Approximately 76.215% of the Company's total outstanding voting ordinary shares, each of which is entitled to one vote, and all of the Company's outstanding high-vote ordinary shares, each of which is entitled to fifteen votes, representing approximately 98.183% of the total voting power of the Company, voted in person or by proxy at today's extraordinary general meeting. Of the voting power represented by these ordinary shares and high-vote ordinary shares voted in person or by proxy at the extraordinary general meeting, approximately 99.998% were voted in favor of the proposal to authorize and approve the merger agreement and any and all transactions contemplated by the merger agreement, including the merger. A two-thirds majority of the voting power represented by the ordinary shares of the Company present and voting in person or by proxy at the extraordinary general meeting was required for approval of the merger. The parties currently expect to complete the merger as soon as practicable, subject to the satisfaction or waiver of the conditions set forth in the merger agreement. Upon completion of the merger, the Company will become a privately held company and its American depositary shares, each representing two ordinary shares designated as "ordinary shares" of the Company, par value US$0.01 per share, will no longer be listed on any stock exchange, including the NASDAQ Global Select Market.
About eLong
eLong, Inc. (Nasdaq: LONG) is a leader in mobile and online accommodations reservations in China. eLong technology enables travelers to book hotels, guesthouses, apartments and other accommodations, as well as air and train tickets, through convenient mobile and tablet applications, websites (www.eLong.com), 24 hour customer service, and easy to use tools such as destination guides, maps and user reviews.
Safe Harbor Statement
Any statements in this announcement about prospective performance and plans for the Company, the expected timing to completion of the proposed merger and the ability to complete the proposed merger, and any other statements containing the words "anticipate," "believe," "estimate," "expect," "forecast," "intend," "may," "plan," "project," "predict," "future," "is/are likely to," "should" and "will" and similar expressions, other than historical facts, constitute forward-looking statements within the meaning of Section 27A of the Securities Act of 1933, as amended, Section 21E of the Securities Exchange Act of 1934, as amended, and as defined in the Private Securities Litigation Reform Act of 1995. These statements are, by their nature, subject to a number of risks and uncertainties that could cause our actual performance and results to differ materially from those discussed in the forward-looking statements.

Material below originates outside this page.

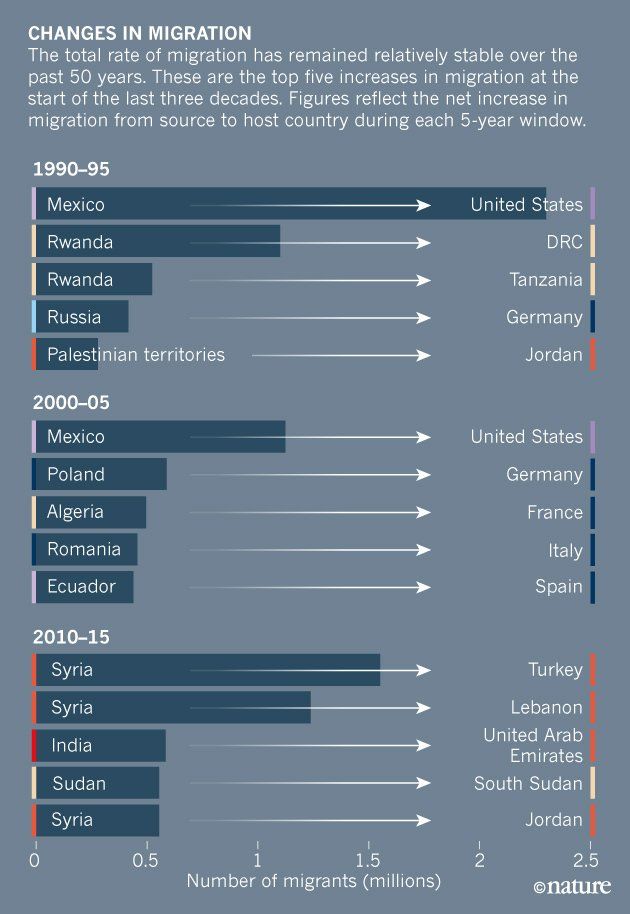 Para la revista Nature, el mapa de las personas que se ven obligadas a emigrar de sus países por diversas razones cambió notoriamente desde 1990 hasta ahora.

In addition, the forward-looking statements included in this announcement represent our views as of the date hereof. We anticipate that subsequent events and developments will cause our views to change. However, while we may elect to update these forward-looking statements at some point in the future, we specifically disclaim any obligation to do so. These forward-looking statements should not be relied upon as representing our views as of any date subsequent to the date hereof.
Contact:
eLong, Inc.
Investor Relations
+86-10-6436-7570
ir@corp.elong.com
SOURCE eLong, Inc.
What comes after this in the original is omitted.